(RECORDS FOR THIS TASK begins)

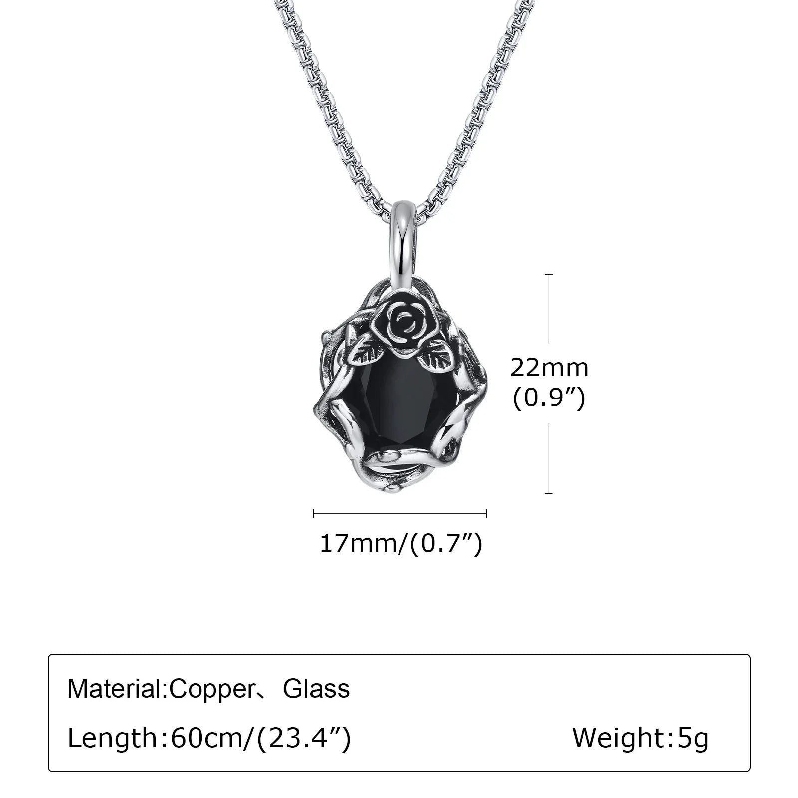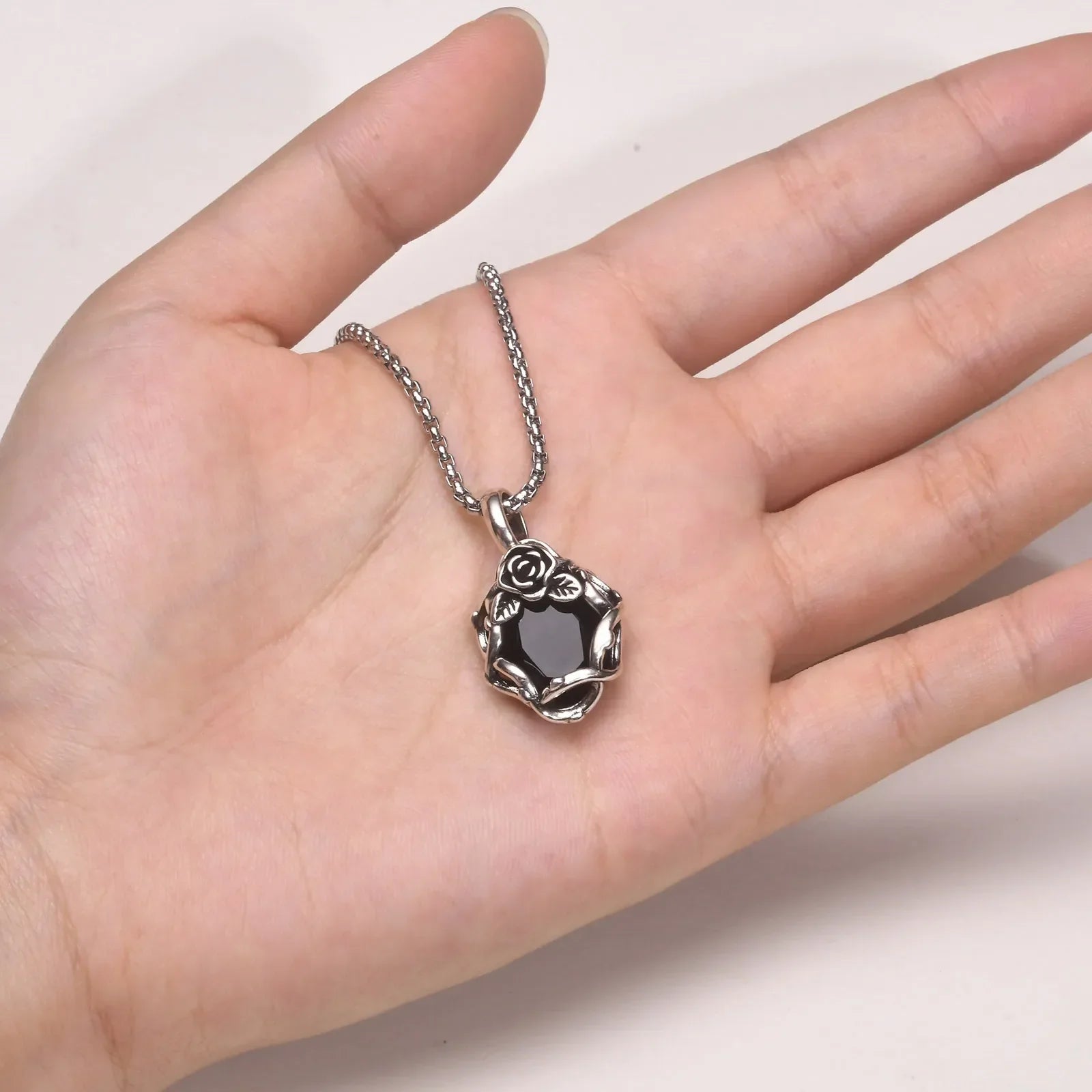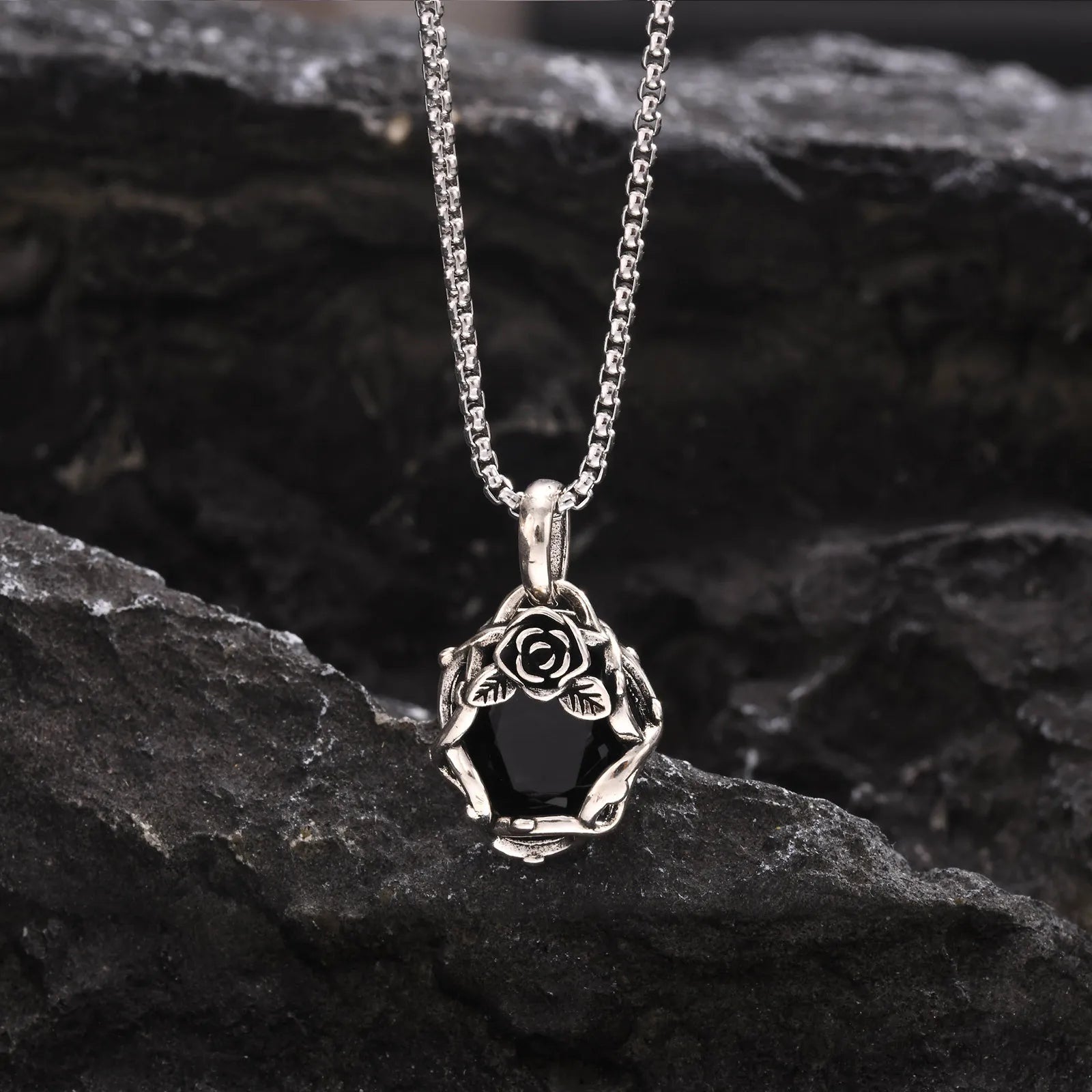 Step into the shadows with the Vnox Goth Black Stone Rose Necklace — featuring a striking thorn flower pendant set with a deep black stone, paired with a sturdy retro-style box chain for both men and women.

(RECORDS FOR THIS TASK ends)
(RECORDS FOR THIS TASK begins)

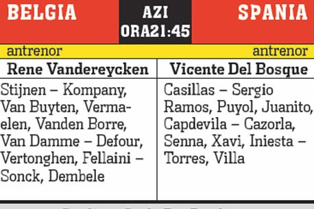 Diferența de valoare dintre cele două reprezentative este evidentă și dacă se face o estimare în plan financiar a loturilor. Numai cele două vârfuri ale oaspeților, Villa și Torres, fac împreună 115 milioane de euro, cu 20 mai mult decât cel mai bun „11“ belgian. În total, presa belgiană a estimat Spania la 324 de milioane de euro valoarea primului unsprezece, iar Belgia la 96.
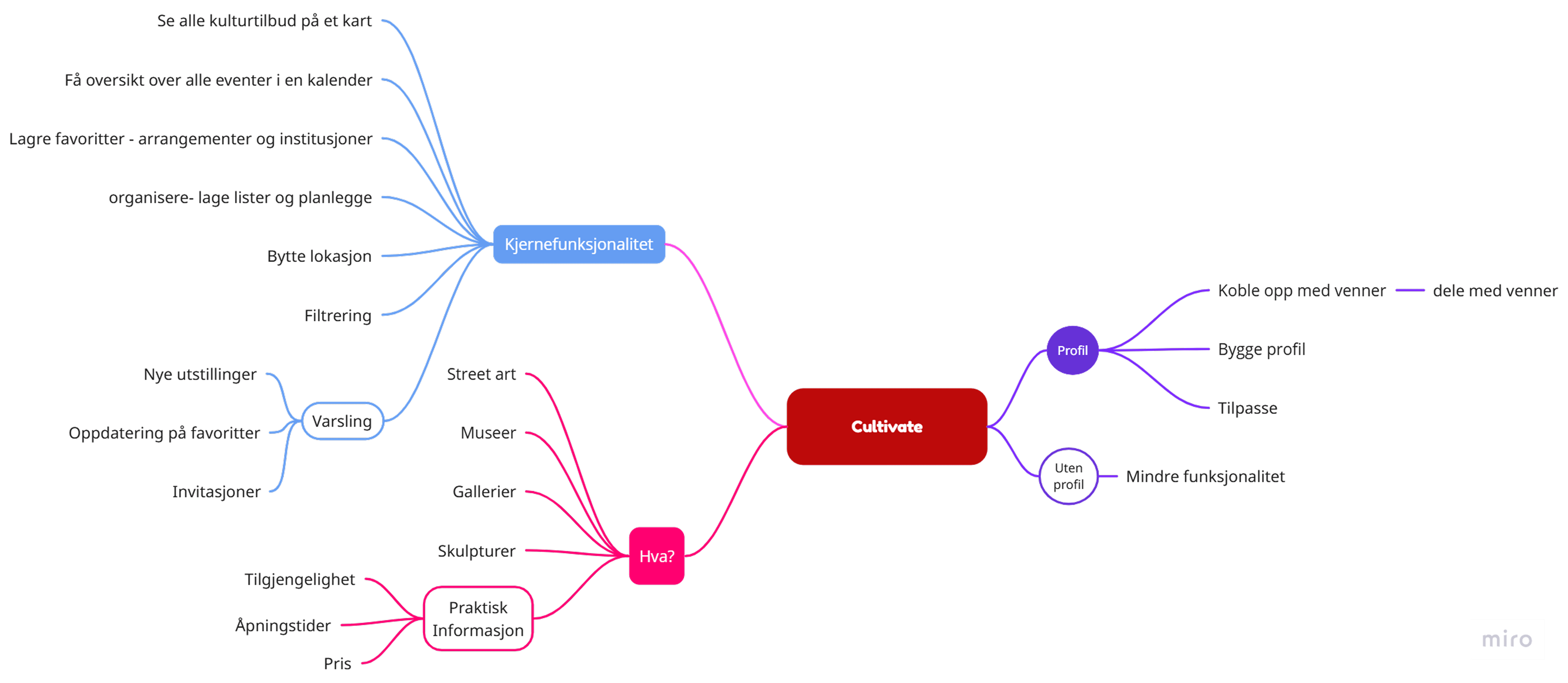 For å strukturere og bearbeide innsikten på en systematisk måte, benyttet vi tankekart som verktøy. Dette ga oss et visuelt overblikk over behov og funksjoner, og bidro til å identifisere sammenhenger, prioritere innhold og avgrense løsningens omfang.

(RECORDS FOR THIS TASK ends)
(RECORDS FOR THIS TASK begins)

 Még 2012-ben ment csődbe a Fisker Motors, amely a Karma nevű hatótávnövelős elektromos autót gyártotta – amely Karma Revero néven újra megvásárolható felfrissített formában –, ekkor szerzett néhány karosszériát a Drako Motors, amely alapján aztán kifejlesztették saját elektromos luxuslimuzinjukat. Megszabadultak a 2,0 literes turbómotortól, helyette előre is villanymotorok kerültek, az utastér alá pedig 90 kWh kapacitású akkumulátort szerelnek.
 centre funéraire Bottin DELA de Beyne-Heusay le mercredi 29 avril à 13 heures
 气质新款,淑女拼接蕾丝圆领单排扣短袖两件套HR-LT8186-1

(RECORDS FOR THIS TASK ends)

Only one stretch of the data above is needed. Restate it word for word, from the line containing "Még 2012-ben ment" through the line containing "气质新款,淑女拼接蕾丝圆领单排扣短袖两件套HR-LT8186-1", both ends included.

TASK ANSWER:
 Még 2012-ben ment csődbe a Fisker Motors, amely a Karma nevű hatótávnövelős elektromos autót gyártotta – amely Karma Revero néven újra megvásárolható felfrissített formában –, ekkor szerzett néhány karosszériát a Drako Motors, amely alapján aztán kifejlesztették saját elektromos luxuslimuzinjukat. Megszabadultak a 2,0 literes turbómotortól, helyette előre is villanymotorok kerültek, az utastér alá pedig 90 kWh kapacitású akkumulátort szerelnek.
 centre funéraire Bottin DELA de Beyne-Heusay le mercredi 29 avril à 13 heures
 气质新款,淑女拼接蕾丝圆领单排扣短袖两件套HR-LT8186-1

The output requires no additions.